Valhalla EG reminder for November 21, 2018

Wed Nov 21 21:27:38 UTC 2018

Here is a write-up giving an option for nullable value types.
This is what we talked about this morning.  I had hoped to
produce it before the meeting—better late than never.

http://cr.openjdk.java.net/~jrose/values/nullable-values.html

# Nullable Value Types in L-World
#### Or, "Read my lips:  No new nulls"
#### Or, "Bottom-lander:  There can be only one"
#### John Rose, Brian Goetz, Valhalla Working Group

## Basic Premises

**Null is the default reference:** In Java, all Java reference types
have a common default value, the null reference.  This reference
appears in uninitialized array elements and field values of that type.
The null reference is distinct from any reference that is produced by
a `new` expression and/or a constructor call.

**A problem with legacy value classes:** In order for today's
value-based classes to migrate to reference types proper value types,
they must retain the property that their default value is the null
reference, since the null reference may appear in user code that uses
such classes.

**Nullable value classes:** This implies that _some_ value types
require the ability to represent a true null reference, as one of the
many points in their set of possible values.  (This _does not_ imply
that any other value of such a type must _also_ be a reference: All
other values of the type can and should be proper values.)

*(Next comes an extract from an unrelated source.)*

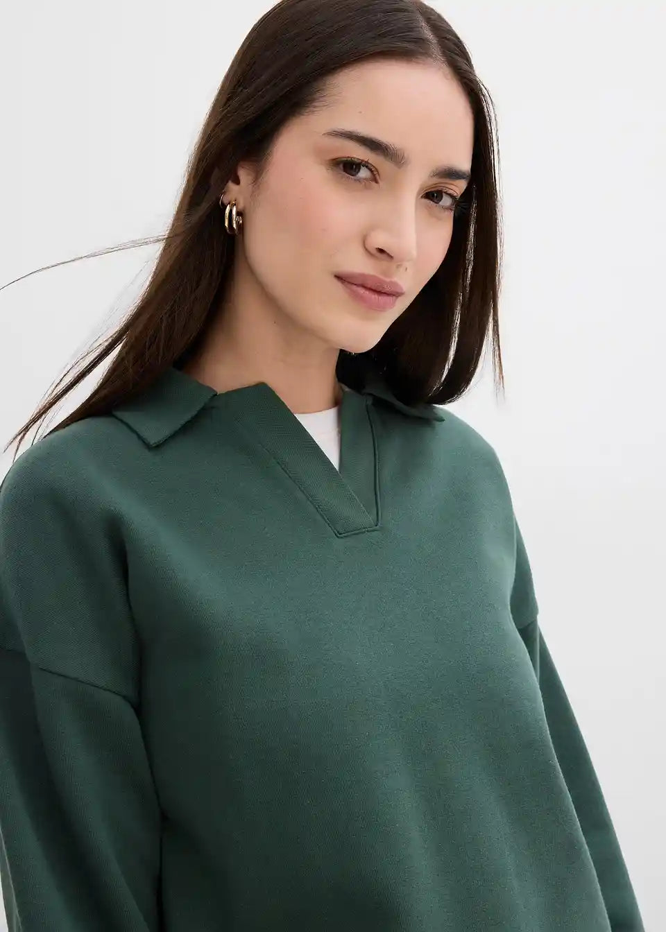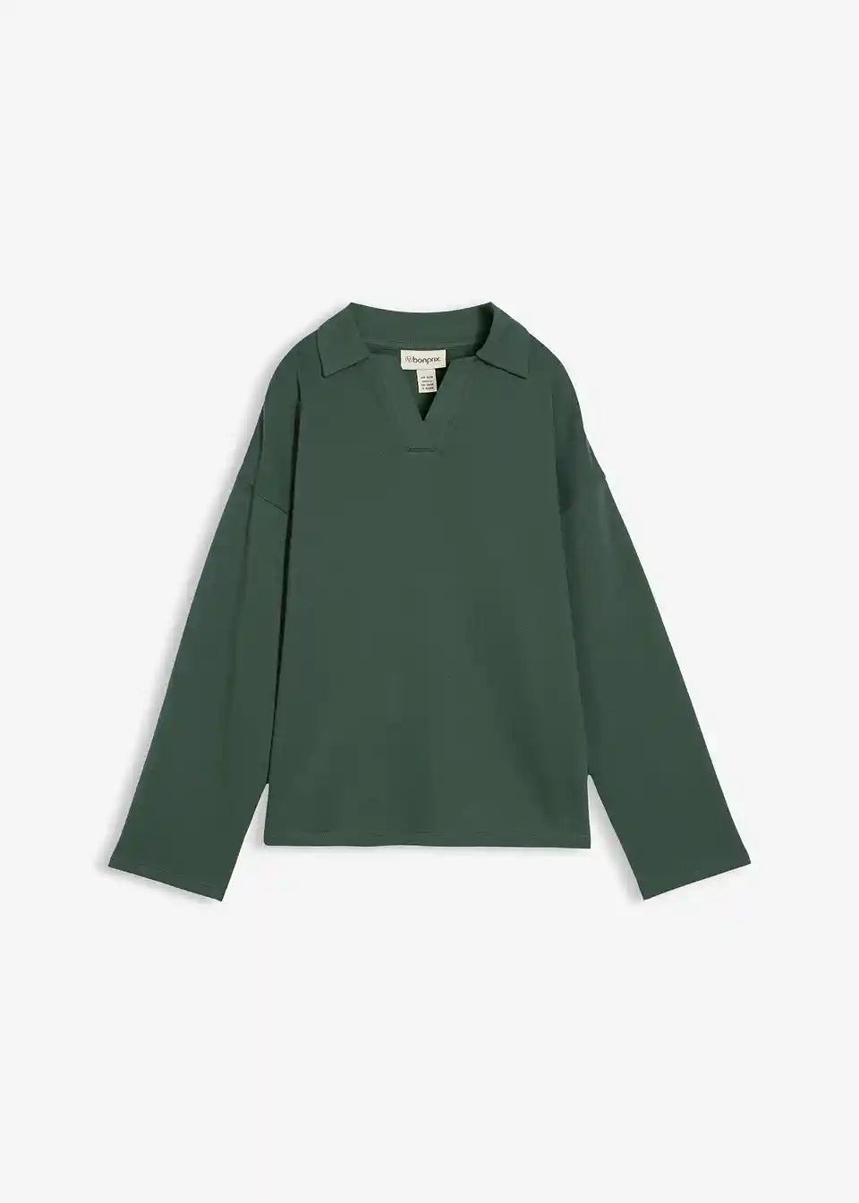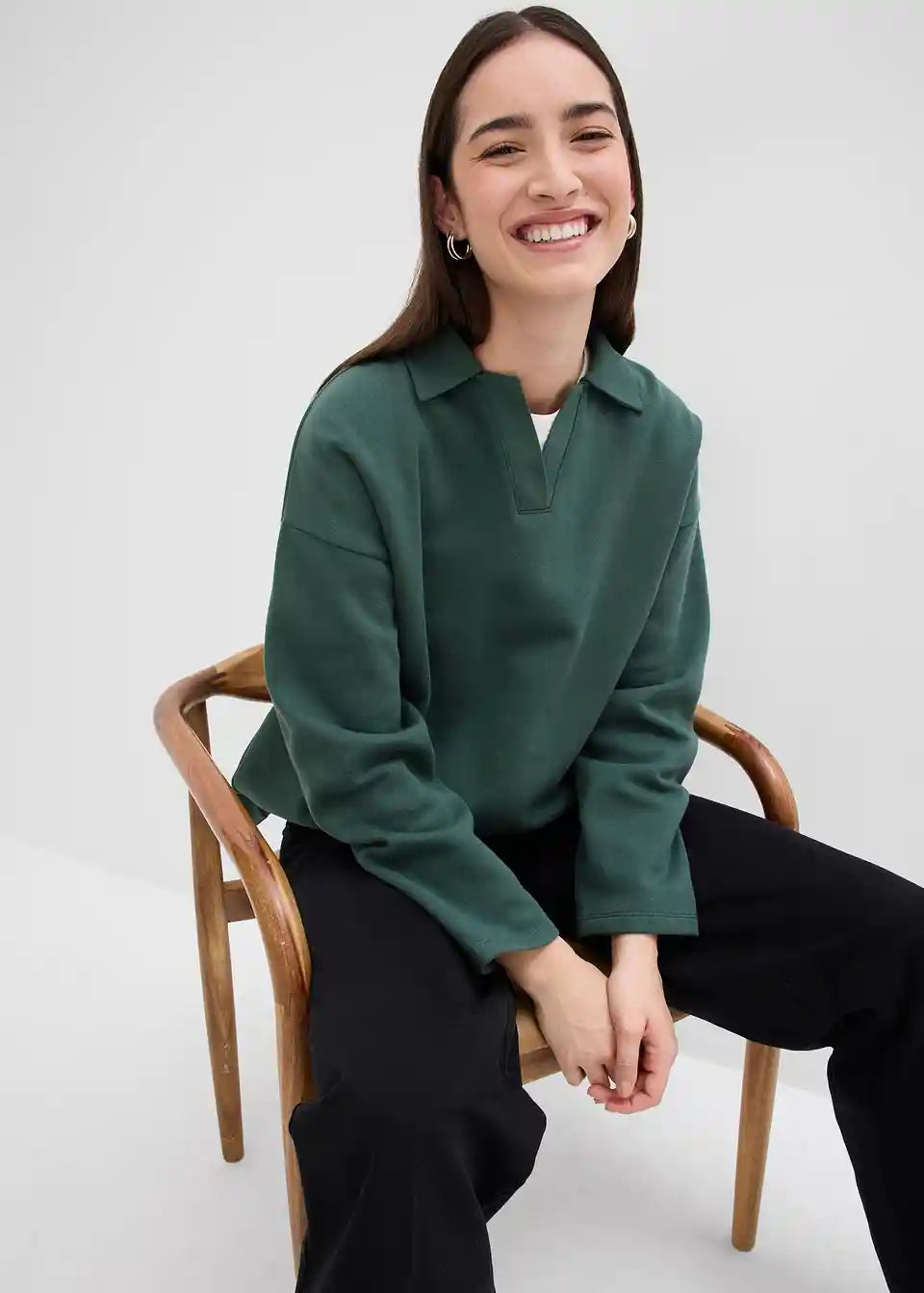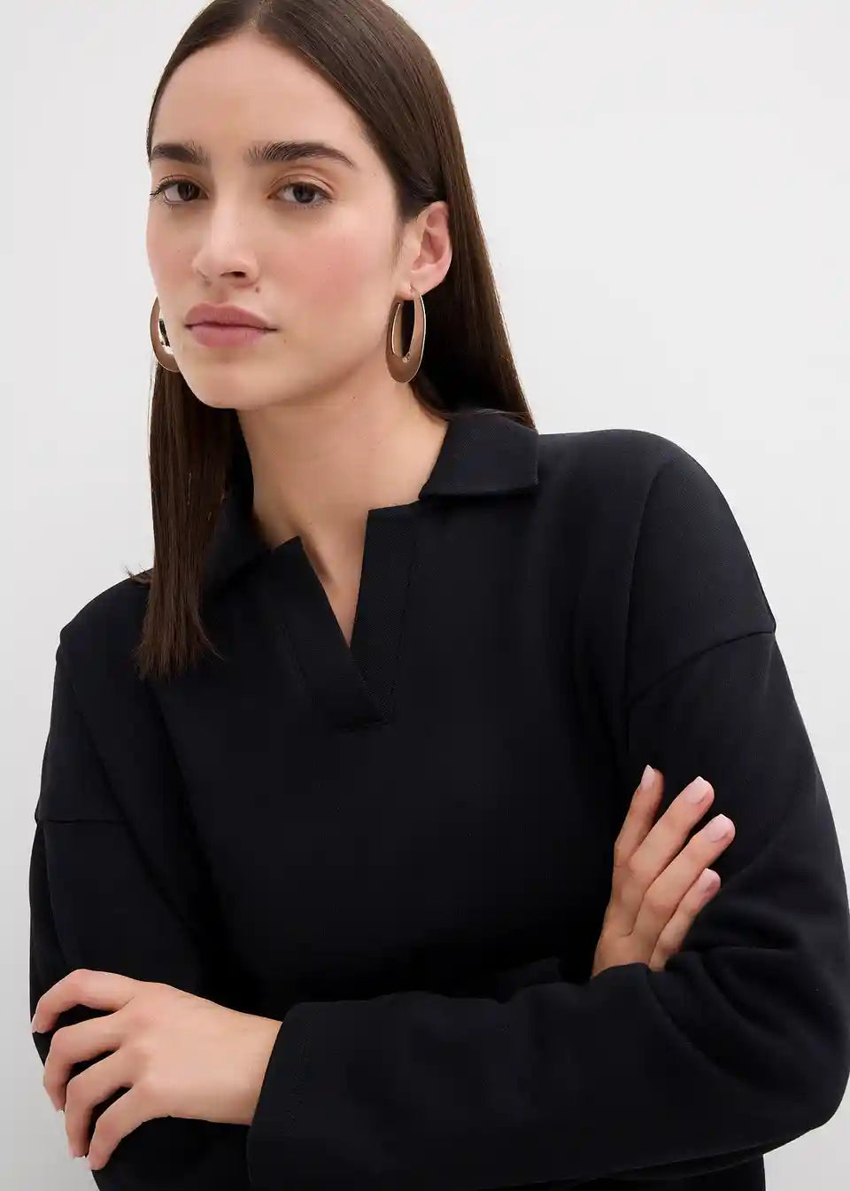 Sweatshirt s pletenim polo ovratnikom i V-izrezom s dugim rukavima od organskog pamuka

**Nullability is rare:** Most value types, such as complex numbers or
vectors, must _not_ represent the null reference.  In particular,
arithmetic value types of size `N` bits may need to assign all `2**N`
code points to regular non-null values.  For example, a type that
emulates `byte` could not give up one of its 256 encodings to encode
`null`, and adding an extra hidden bit _to all value types_ would have
very large costs.  In addition, most value types "work like an int",
and require a default value which can accept method calls without
throwing `NullPointerExceptions`.

**Not the default:** Nullability must be explicitly selected by the
designer of a value type; it is expected to be a rarely used feature,
because it is likley to incur extra costs, in space and time, for
encoding and decoding the null reference to and from the flattened
form of a value class.

**Tweaking the key slogan:** In summary, value types "code like a
class and work like an int".  But there are a few value types that
_also_ want to "work like an `Integer`", in that their default value
is the null reference, rather than an appropriate pattern of zero
bits.

## User Model

**New keyword:** A value class can be declared with a pseudo-modifier
`__Nullable`, (TBD, may be just `nullable`) which must be accompanied
by the `value` pseudo-modifier.  Such a value class is called a
_nullable value class_.  Other value classes are called _regular value
classes_.

**Two variable kinds:** Variables come in two kinds, _heap_ and
_stack_.  A heap variable is a class field (static or non-static) or
an array element.  A stack variable is a method parameter or local
variable.  (Local variables include specially declared names such as a
`catch` variable.)  Heap variables exhibit type-specific default
values.  Stack variables do not require a default value convention,
because they are subject to definite assignment rules, which require
explicitly assigned values.

**Default values:** For a regular value class `RV`, the expression
`RV.default` evaluates to a non-null value of `RV` all of whose fields
are their respective default values (typically zero, `false`, or
`null`).  The uninitialized value of a heap variable of type `RV` or
`RV.val` is `RV.defalt`.  The uninitialized value of a heap variable
of type `RV.box` is `null`, and `RV.box.default` evaluates to `null`.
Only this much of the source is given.